Use BtcecSigner when:

  • Pure Go is required
  • Key derivation performance matters (3.7x faster)
  • You're already using btcec in your project
  • Verification needs to be faster than P256K1 but CGO isn't available

Conclusion

The benchmarks demonstrate that:

  1. CGO implementations (NextP256K) provide significant performance advantages for cryptographic operations, especially verification (7x faster)

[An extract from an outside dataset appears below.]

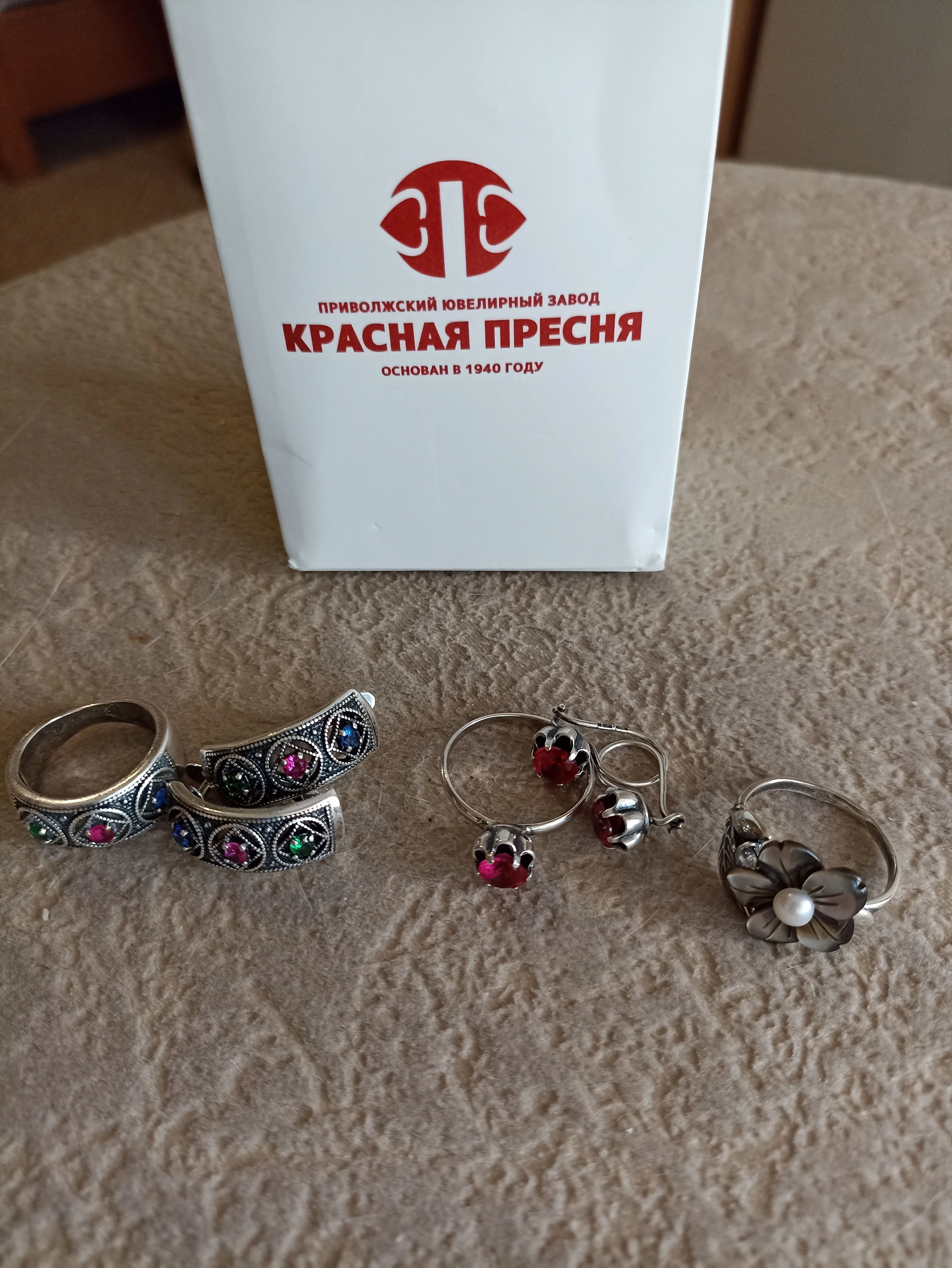 Здравствуйте. У меня от "Красной пресни" вот такая красота: два набора (кольцо и серьги) и кольцо с перламутром. Я очень довольна дизайном и качеством! Буду заказывать еще.

  2. Pure Go implementations are competitive for most operations, with Btcec showing strength in key derivation and verification

  3. P256K1Signer provides a good middle ground with reasonable performance and clean API

  4. Memory efficiency varies by operation, with NextP256K generally being most efficient

The choice between implementations depends on your specific requirements:

  • Performance-critical applications: Use NextP256K (CGO)
  • Pure Go requirements: Choose between Btcec (faster) or P256K1 (cleaner API)
  • Balance: P256K1Signer offers good performance with pure Go simplicity

Running the Benchmarks

To reproduce these benchmarks:

# Run all benchmarks
CGO_ENABLED=1 go test -tags=cgo ./bench -bench=. -benchmem

# Run specific operation
CGO_ENABLED=1 go test -tags=cgo ./bench -bench=BenchmarkSign

# Run specific implementation
CGO_ENABLED=1 go test -tags=cgo ./bench -bench=Benchmark.*_P256K1

Note: All benchmarks require CGO to be enabled (CGO_ENABLED=1) and the cgo build tag.